COLLECTED DATA =>
Start of Block
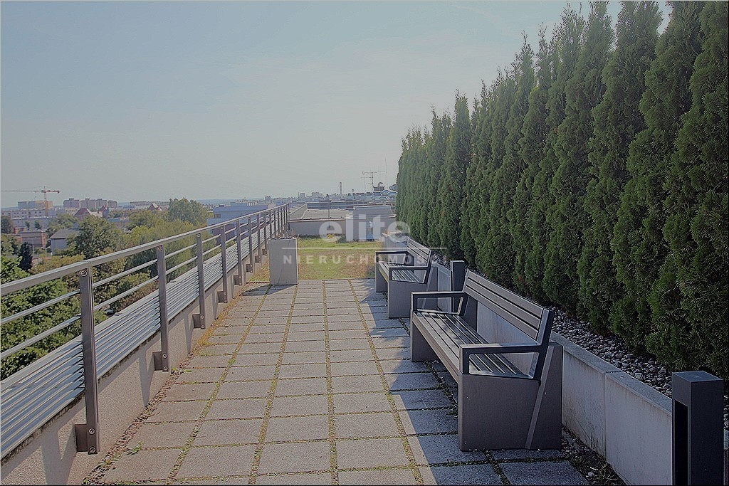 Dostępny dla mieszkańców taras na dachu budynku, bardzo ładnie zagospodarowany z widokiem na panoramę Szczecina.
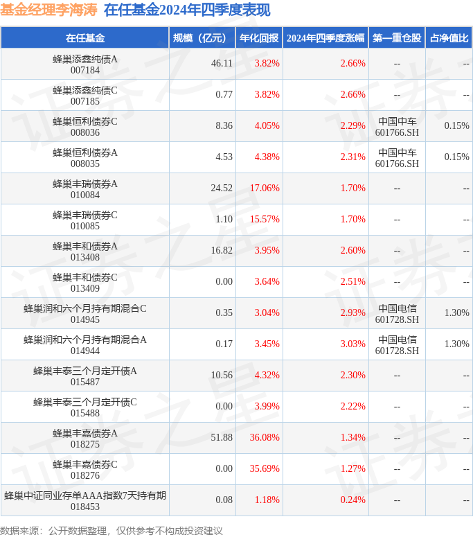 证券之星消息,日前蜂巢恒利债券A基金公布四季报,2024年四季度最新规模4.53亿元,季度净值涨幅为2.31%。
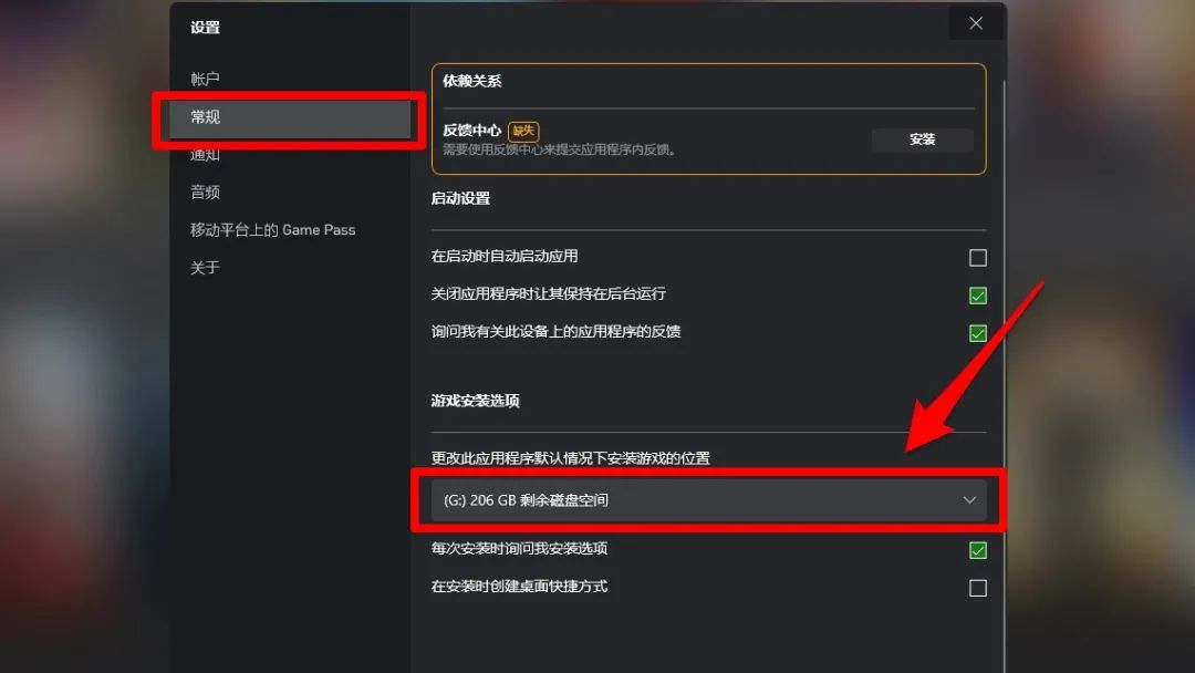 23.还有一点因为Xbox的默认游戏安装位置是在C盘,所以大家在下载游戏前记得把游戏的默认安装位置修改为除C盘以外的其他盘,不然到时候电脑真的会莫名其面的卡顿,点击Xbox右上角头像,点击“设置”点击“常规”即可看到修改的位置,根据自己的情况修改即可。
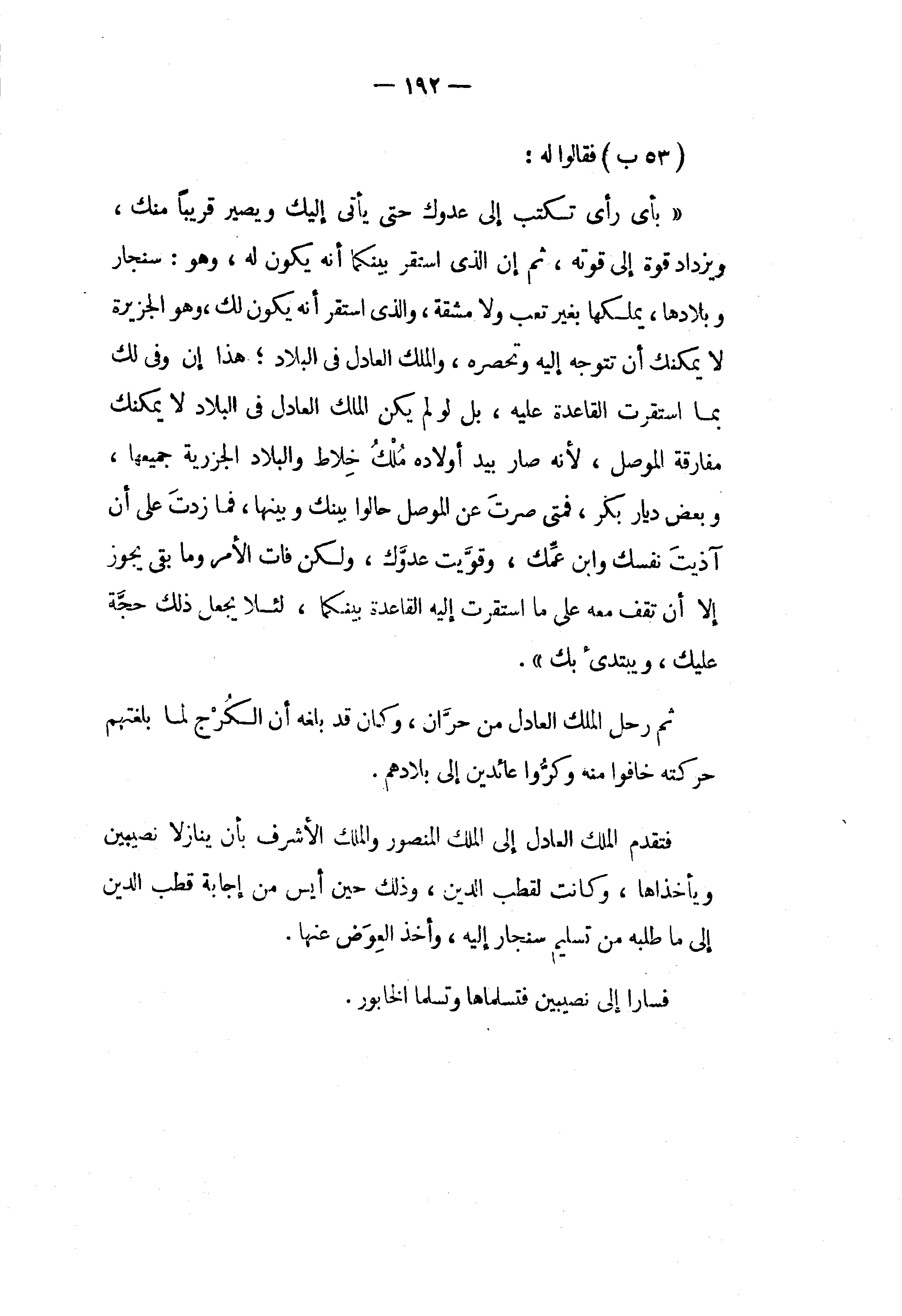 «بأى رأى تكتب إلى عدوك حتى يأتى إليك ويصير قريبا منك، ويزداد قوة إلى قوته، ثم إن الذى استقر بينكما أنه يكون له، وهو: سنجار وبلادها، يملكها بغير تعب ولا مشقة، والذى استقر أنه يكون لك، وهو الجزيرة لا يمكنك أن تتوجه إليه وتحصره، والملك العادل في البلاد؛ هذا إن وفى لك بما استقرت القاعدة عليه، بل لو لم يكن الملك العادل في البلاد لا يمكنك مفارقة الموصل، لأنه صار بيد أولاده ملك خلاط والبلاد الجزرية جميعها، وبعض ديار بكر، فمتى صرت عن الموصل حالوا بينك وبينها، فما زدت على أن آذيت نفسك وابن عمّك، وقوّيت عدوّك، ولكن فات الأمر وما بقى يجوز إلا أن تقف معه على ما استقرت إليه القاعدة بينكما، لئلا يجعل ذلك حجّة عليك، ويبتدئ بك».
End of Block
INSTRUCTIONS TO FOLLOW =>
Everything in the listing except the pictures must be reproduced exactly.

TASK RESPONSE =>
 Dostępny dla mieszkańców taras na dachu budynku, bardzo ładnie zagospodarowany z widokiem na panoramę Szczecina.
 证券之星消息,日前蜂巢恒利债券A基金公布四季报,2024年四季度最新规模4.53亿元,季度净值涨幅为2.31%。
 23.还有一点因为Xbox的默认游戏安装位置是在C盘,所以大家在下载游戏前记得把游戏的默认安装位置修改为除C盘以外的其他盘,不然到时候电脑真的会莫名其面的卡顿,点击Xbox右上角头像,点击“设置”点击“常规”即可看到修改的位置,根据自己的情况修改即可。
 «بأى رأى تكتب إلى عدوك حتى يأتى إليك ويصير قريبا منك، ويزداد قوة إلى قوته، ثم إن الذى استقر بينكما أنه يكون له، وهو: سنجار وبلادها، يملكها بغير تعب ولا مشقة، والذى استقر أنه يكون لك، وهو الجزيرة لا يمكنك أن تتوجه إليه وتحصره، والملك العادل في البلاد؛ هذا إن وفى لك بما استقرت القاعدة عليه، بل لو لم يكن الملك العادل في البلاد لا يمكنك مفارقة الموصل، لأنه صار بيد أولاده ملك خلاط والبلاد الجزرية جميعها، وبعض ديار بكر، فمتى صرت عن الموصل حالوا بينك وبينها، فما زدت على أن آذيت نفسك وابن عمّك، وقوّيت عدوّك، ولكن فات الأمر وما بقى يجوز إلا أن تقف معه على ما استقرت إليه القاعدة بينكما، لئلا يجعل ذلك حجّة عليك، ويبتدئ بك».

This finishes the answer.